### AIM OF THE TASK:
Beginning with the line that contains "Metallringene som tidligere", repeat each line exactly through the end of the listing below. Pictures stay out.

==== COLLECTED MATERIAL ====

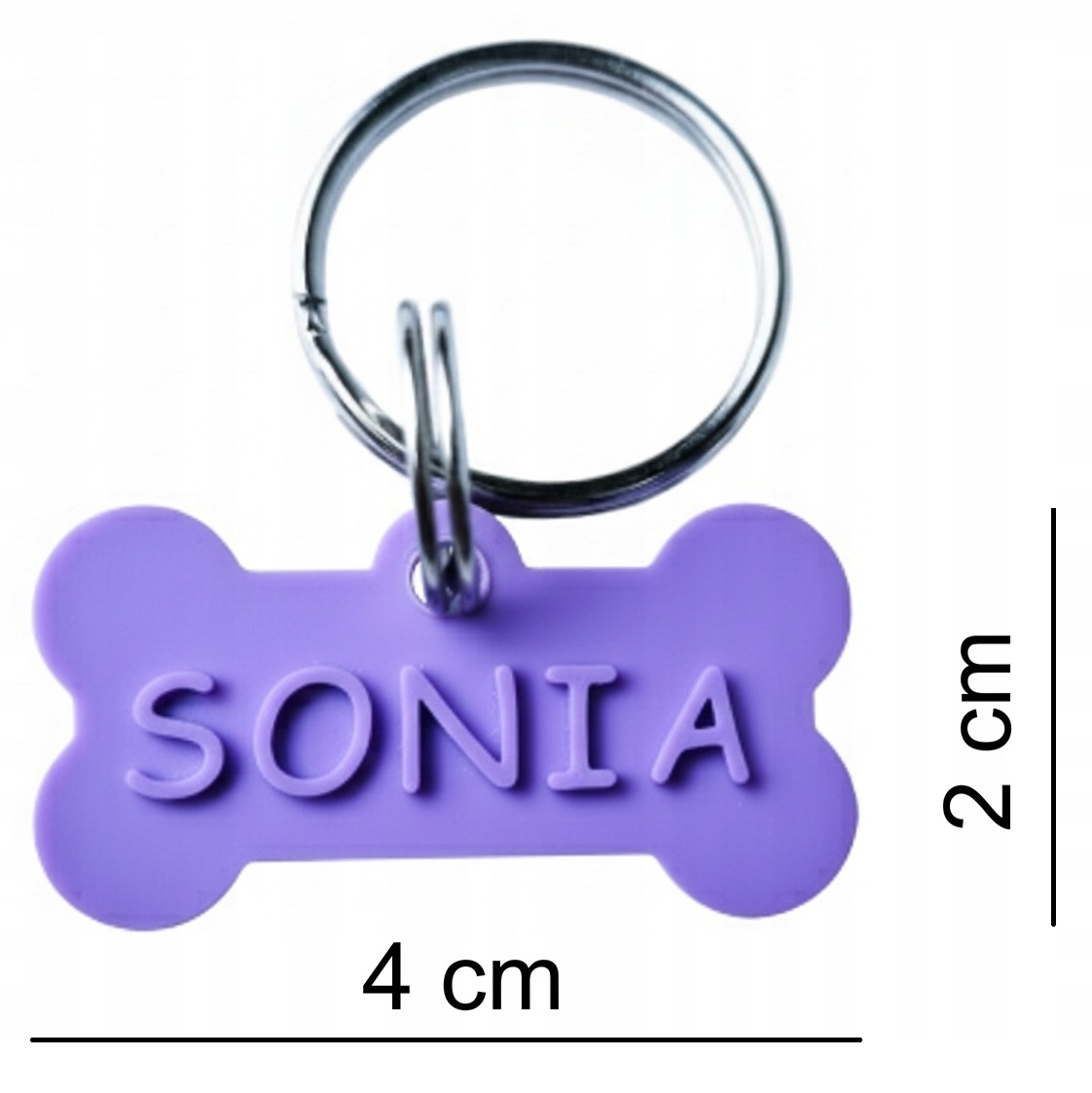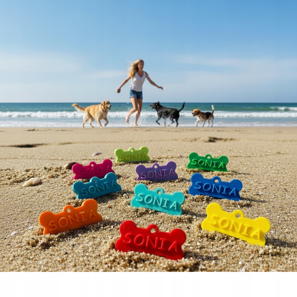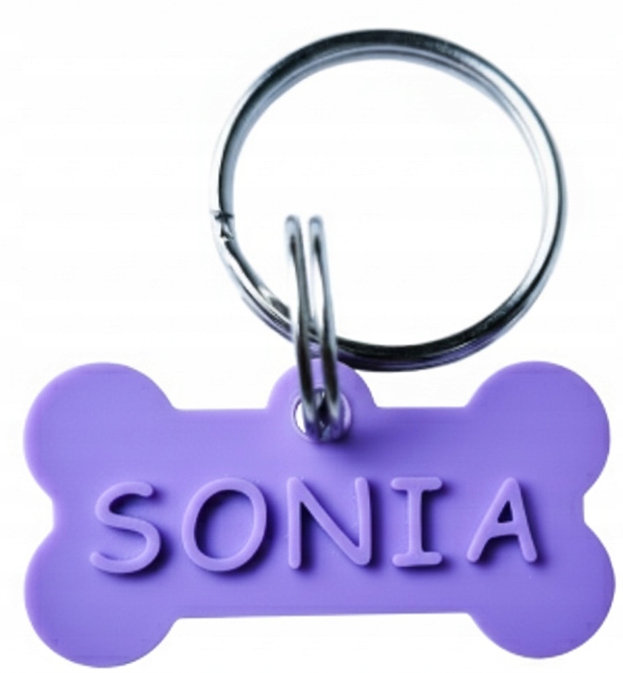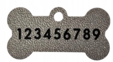 Imię psa jest wypukłe natomiast nr telefonu drukujemy w innym wyróżniającym się kolorze.
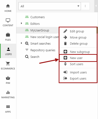 To create a user, click the menu button on a user group to open the context menu, when click New user (Figure 14.1).
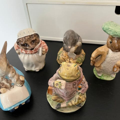 Metallringene som tidligere holdt kjedet mellom figurene sitter fortsatt på moren, men metallfestene på valpene er brukket av og selve kjedet mangler. Dette påvirker ikke stabiliteten og figurene står fint som dekor.
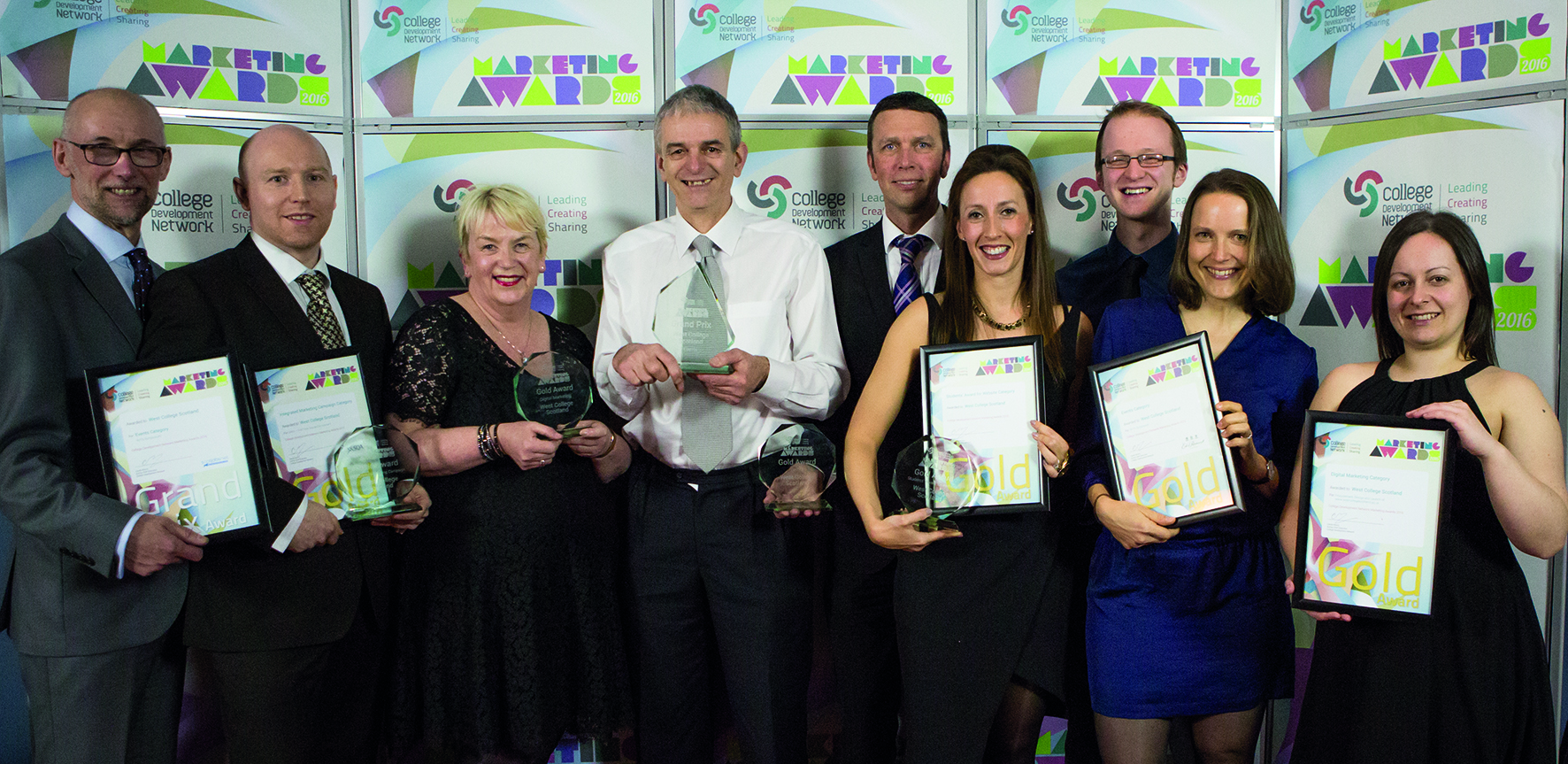 West College Scotland dominated the prizes, picking up the Students’ Award for Best Website, along with top spot placings for Digital Marketing, Integrated Marketing Campaign and Events. The College’s Marketing team also secured the Grand Prix award.

====

### RESULT OF THE TASK:
 Metallringene som tidligere holdt kjedet mellom figurene sitter fortsatt på moren, men metallfestene på valpene er brukket av og selve kjedet mangler. Dette påvirker ikke stabiliteten og figurene står fint som dekor.
 West College Scotland dominated the prizes, picking up the Students’ Award for Best Website, along with top spot placings for Digital Marketing, Integrated Marketing Campaign and Events. The College’s Marketing team also secured the Grand Prix award.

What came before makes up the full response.